Raising it to my ear, “Hello?”

“How was your flight, old man?”

I chuckle.

Asshole .

“It was pretty good. Smooth with no turbulence.”

“That’s good. Hey brother, I’m giving you a call because I just got an e-mail that says you’re being awarded the Silver Medal with Valor for what you did last year.”

“Really?”

“Yup. Booker is also getting an award. His family will be there to receive it.”

My throat thickens.

My fallen brother. There’s not a day that goes by that I don’t carry the weight of losing my best friend. A part of me died that night. And if it weren’t for Violet, I don’t think I would be here today.

Slater catches my silence and changes the subject.

“I’m planning to come by your house this week to go to the range. You’re not telling me no, asshole.”

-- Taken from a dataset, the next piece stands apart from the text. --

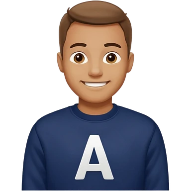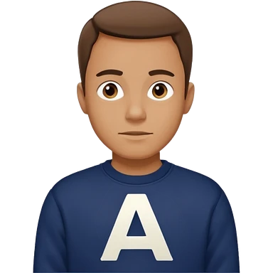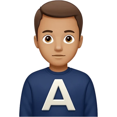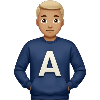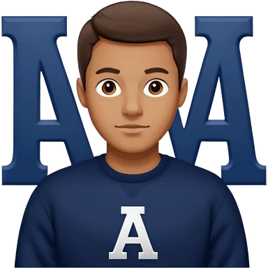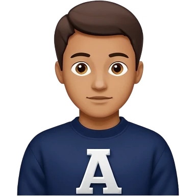 man wearing a dark navy sweater with a giant white letter A on the upper right of the chest in collegiate font emoji | AI Emoji Generator
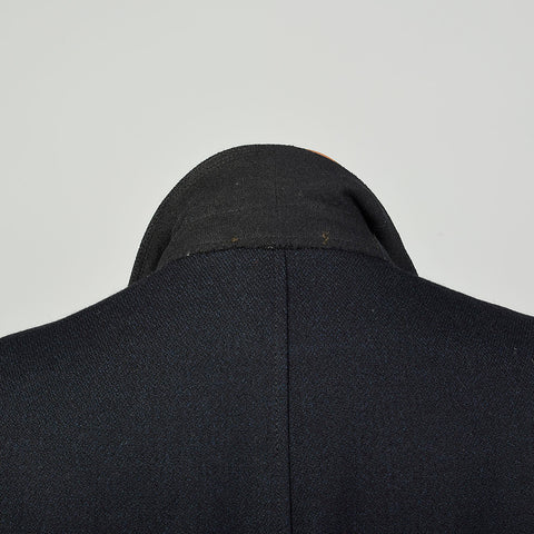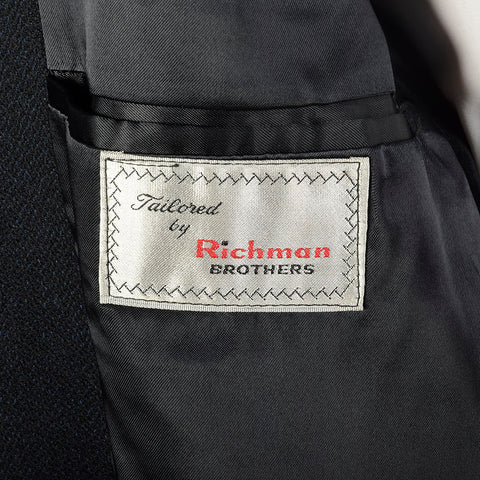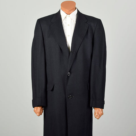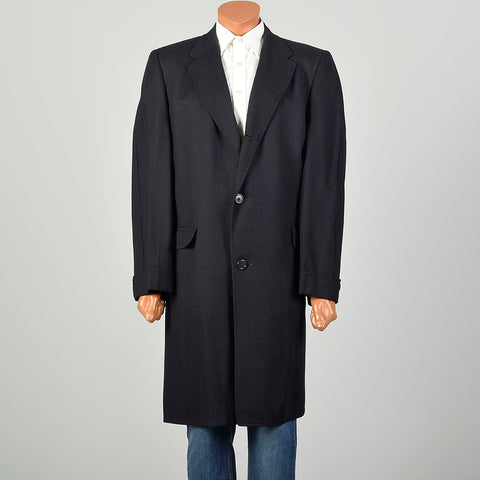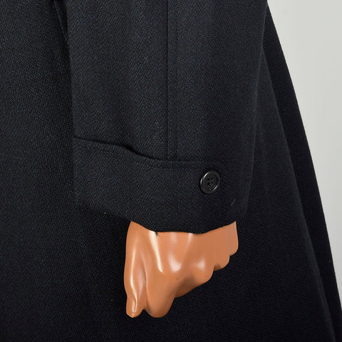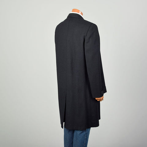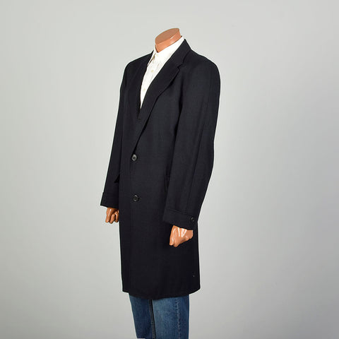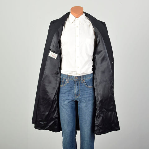 1960s Large Richman Brothers Black Lightweight Wool Outerwear Winter Overcoat

I laugh and shake my head.

“Sounds like a plan.”

We hang up.

I walk the five minutes from the gate to the lobby downstairs. It’s a small, quiet airport, so I’m not walking far. I didn’t check any bags this time, and I head straight for passenger pick-up.

Then I see her.

The woman who made me believe in love again. Dressed in that same red summer dress she wore to the Drunken Shell. It hugs all of her beautiful curves...and her swollen, nine-months-pregnant belly.

Violet holds up a bright mustard-yellow decorated sign that says: Welcome home, soldier.

She’s such a dork… but she’s my dork .

When I’m about ten steps from her, she takes off sprinting.

I laugh watching her waddle-jog toward me.

Before she collides with me, I drop my duffel bag, pick her up, and crash my mouth against hers.

We kiss like we always do. Full of passion until it’s only us in our own little world.

Not giving one single fuck who’s watching.

Placing her back down on her feet, I give her one last kiss, a low growl reverberating in my chest.

“Ready for Colorado?” she asks with infinite hope soaring in her teary eyes.

Holding the bottom of her stomach, I smile.

“Never been more ready for anything in my entire life.”